The pike let out a piercing yell and became a Dorig again at once, without the usual dissolving. A wave of cold air rolled between it and Ceri, and the Dorig yelled again. Gair had an idea that it hurt it to change so abruptly. But no one had much time to think. The Dorig, though it was not much taller than Ayna and probably lighter than Ceri, fought Ayna and Brenda like a tiger and screamed piercingly for help. The mild dog woke up and hovered anxiously around, getting in Gair’s way, and the bridge became dangerously slippery with the water splashed in the first struggle. Gerald stormed out from behind the hedge, bellowing at the dog and bawling to Gair to untie the rope before it swept everyone off the bridge.
“Hafny, help!” screamed the Dorig. “They’ve stopped me shift
ing shape!” Gerald pounced on it and held its beating arms to its sides.
“Get it into the house before any more come,” Gair said, scrambling out of the rope.
But it was too late. The water was surging again some yards away beside the bank. Glistening gray hands seized the stones there, and another thin, silvery Dorig body slid upward onto the gravel. This one seemed smaller than the first, though it was hard to see for sure, for it remained crouched where it was, with water rilling off it, staring at the crowded bridge. The mild dog, to Gair’s disgust, ambled up to it wagging its elderly tail. That dog did not seem to know an enemy when it saw one. It actually let the crouching Dorig pat it.
“Don’t just sit there!” screamed the captured Dorig, twisting in Gerald’s hands. “Do something!”
“What do you want me to do?” the smaller Dorig asked, rather unhelpfully.
The captured Dorig wailed with annoyance. “Stupid! Go and tell someone. Quick! Before they stop you shifting shape, too.”
“Ceri,” said Ayna.
“I already have,” said Ceri.
“I can’t tell anyone,” said the smaller Dorig. “You know we—”
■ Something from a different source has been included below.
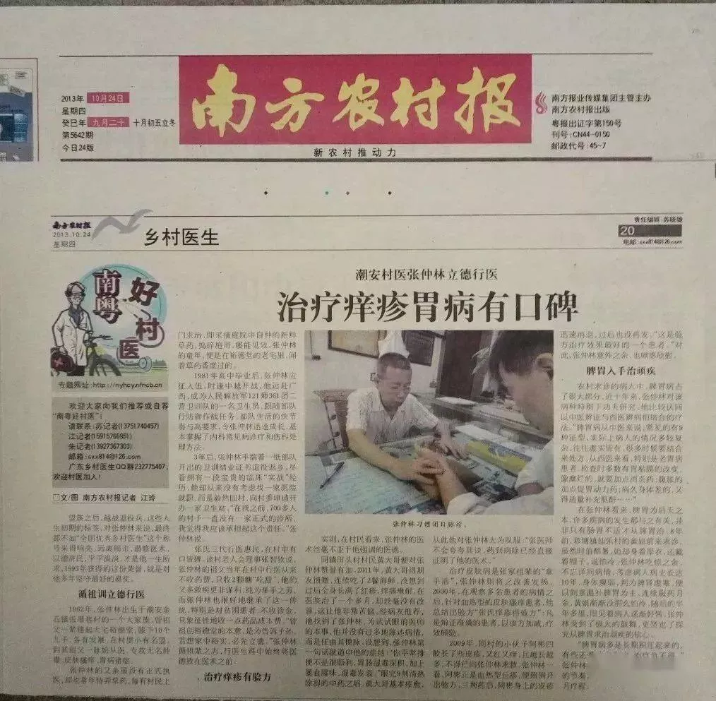 潮安村医张仲林,不忘初心为民福,痒疹胃病齐共鸣

“Oh be quiet and do as I tell you!” howled the larger one, and tried to bite Gerald.
“But I’ll get into trouble if I do,” said the smaller Dorig, crouching where it was with singular calm. “You know we aren’t allowed in this moat. We’ll have to make them let you go some other way.”
“Give us a few suggestions,” Gerald called to it, and made a face at Brenda.
Brenda nodded and lumbered slowly sideways off the bridge toward the smaller Dorig. It rose to its feet and slithered cautiously backward away from her, along the edge of the moat. It did not seem nearly as frightened as it should have been with a Giantess the size and shape of Brenda after it. They thought it must be assuming it could easily escape by turning into something else. But the other Dorig did not seem so confident. “Shift shape, you idiot!” it screamed.